Robot learns to cook by watching YouTube

Eric Hopton for – Your Universe Online
Let’s jump forward in time a little. At some imagined point in the not too distant world, advances in robotics and artificial intelligence have seen massive growth. In almost every home, humans rely on robots to carry out everyday tasks. You have your favorite robot. Of course you do. It does everything it is programed to do – no complaints. It doesn’t even ask for pocket money. You have tweaked it as far as you can to adapt to your peculiar ways. But then you need it to do a new task that’s not part of its database – you need it to bake a muffin.
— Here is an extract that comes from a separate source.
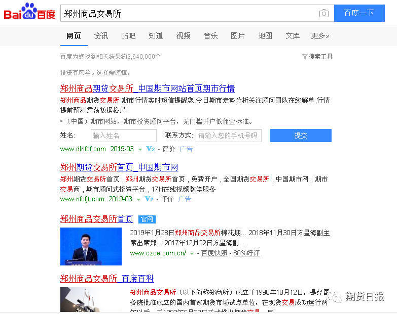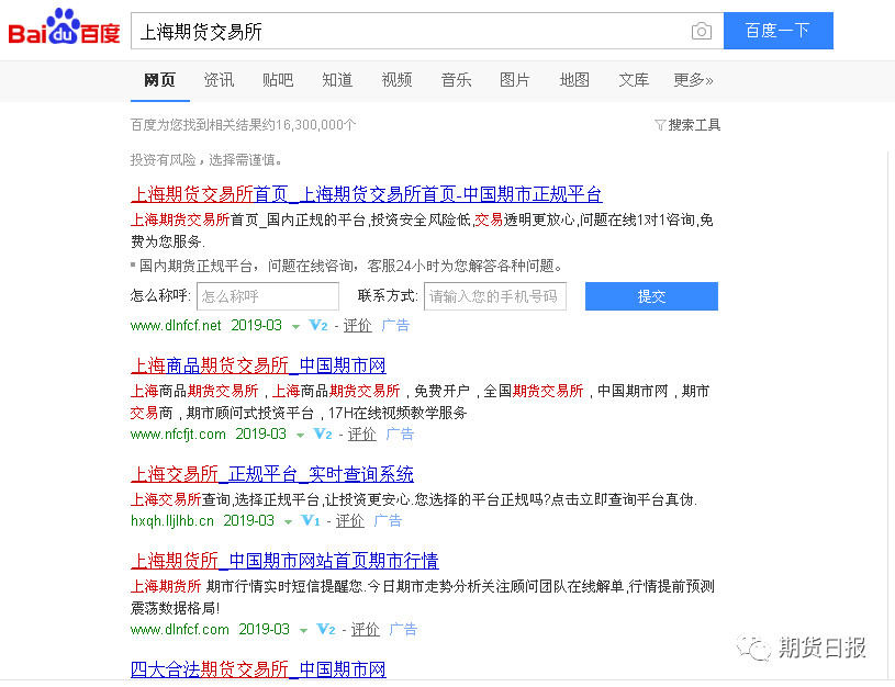 对于“度娘”的显示结果,小明和“吃瓜群众”早已是心知肚明,谁给钱就把谁的名次往前挂、往前排。反正点击一下,财源滚滚来,“度娘”乐意干这事!内地四大期货交易所估计是没有给“度娘”投点费用啥的,结果排名只能排在上述各“期货平台”财神爷的后面!

Can it do that? No, it needs to learn. You could send it back for reprograming but you can’t imagine life without it, even for a few days. You could buy an expensive downloadable fix from Amazoogle, but you are too mean and you still hate their tax arrangements. So you take the easy option. You plug it into You Tube and say “Hey, buddy, watch a few vids on making muffins and knock a few out as soon as you are ready.”
An hour later, you have your muffins. If that sounds far-fetched, the findings of a neat piece of recently published research might reassure you that one day you will get your AI muffin fix.
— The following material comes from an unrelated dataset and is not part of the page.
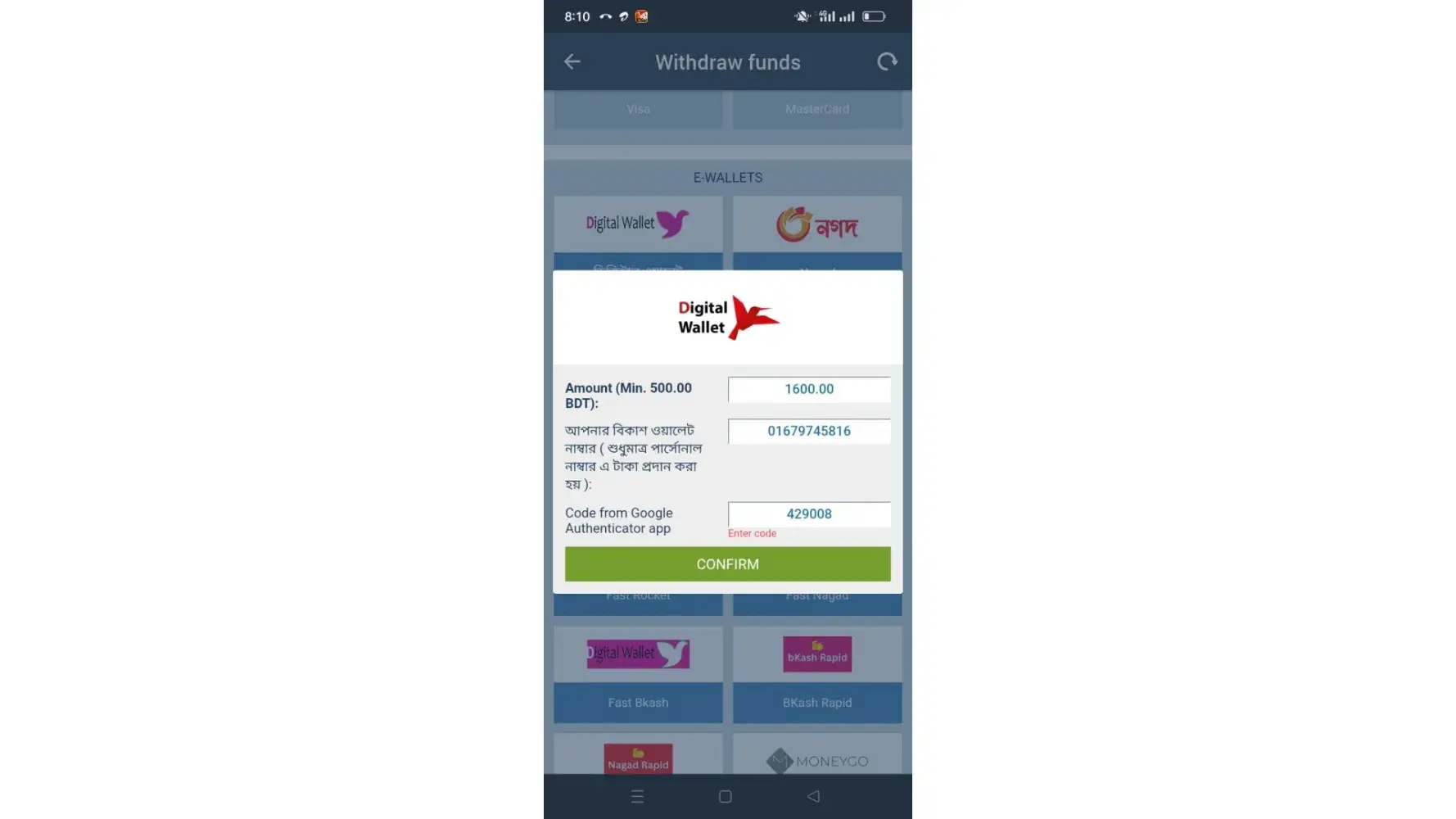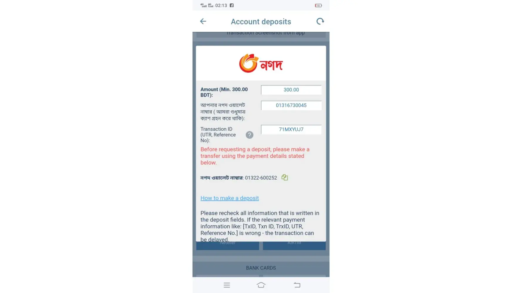 মার à¦à¦‡ উইডà§à¦°à§‹à¦•ৃত টাকাটি সঠিক à¦à¦¾à¦¬à§‡ পাইনি। যেমন আমি ১৬০০ টাকা উইডà§à¦°à§‹ দিয়েছিলাম যা আপনারা à¦à¦•à§à¦¸à§‡à¦ªà§à¦Ÿ à¦à¦¬à¦‚ কনফারà§à¦® করেছেন। কিনà§à¦¤à§ আমার কাছে টাকা à¦à¦¸à§‡à¦›à§‡ মতà§à¦° ৬০০ টাকা। বাকি ১০০০ টাকা কম আসার কারন যানিয়ে আমি à¦à¦•টি ইমেইলও করেছিলাম। কিনà§à¦¤à§ ১২ ঘনà§à¦Ÿà¦¾ অতিকà§à¦°à¦® হয়ে গিয়েছে। অথচ à¦à¦–নো পরà§à¦¯à¦¨à§à¦¤ কোনো রিপà§à¦²à¦¾à¦‡ পাইনি। দয়া করে আমার পাওনা অরà§à¦¥ আমাকে বà§à¦à¦¿à§Ÿà§‡ দিন। হেলো সà§à¦¯à¦¾à¦° আপনারা à¦à¦–নো পরà§à¦¯à¦¨à§à¦¤ আমার à¦à¦‡ সমসà§à¦¯à¦¾à¦Ÿà¦¾à¦° কোন সমাধান করেনি।

The study was carried out by scientists from the University of Maryland and NICTA in Australia. Their paper will be presented later this month at the 29th annual conference of the Association for the Advancement of Artificial Intelligence. The research involved teaching a “self-learning robot” how to improve its knowledge about fine-grained manipulation actions – like cooking skills – just by allowing it to watch demonstration videos.
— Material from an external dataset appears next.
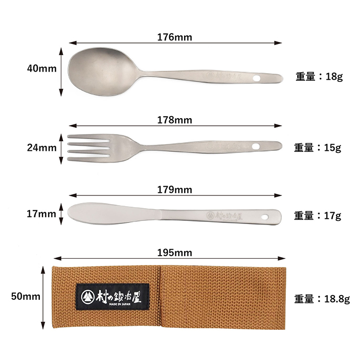 村の鍛冶屋チタンカトラリー 2本セット(スプーン・フォーク・専用ケース付き)

The new robot-training system is based on recent advances in our understanding of “deep neural networks” in computer vision. A key element of the experiments was to teach the robot where and how to hold an object just from its appearance. A big obstacle was the fact that videos only present 2D information. While a human would naturally translate that into 3D conceptualization by recognizing that, for example, that elongated rounded shape is an egg, robots don’t have that ability to “infer”.
Also the robot had to learn to select which element of the video image it was supposed to model. It then had to learn how to associate specific actions like hand movements with particular objects. Breaking an egg is a good example.
The researchers developed a deep-learning system that combines object recognition with grasping-type recognition. The system they created is derived from recognition modules which are built on a “convolutional neural network” (CNN).  This helps the robot to predict the best action to take by tapping into a large internal database.
To train their robot model, the researchers used data from 88 YouTube videos of people cooking. The team then generated commands for the robot to execute.
“We believe this preliminary integrated system raises hope towards a fully intelligent robot for manipulation tasks that can automatically enrich its own knowledge resource by “watching” recordings from the World Wide Web,” the researchers concluded.
The full paper, “Robot Learning Manipulation Action Plans by ‘Watching’ Unconstrained Videos” is available here (PDF).
That muffin-baking robot may not be so far away then. But, back to the future for a moment, what if those robots become foodie obsessives and you just can’t drag your favourite robot buddy away from watching endless repeats of Barefoot Contessa? Life is never easy, is it?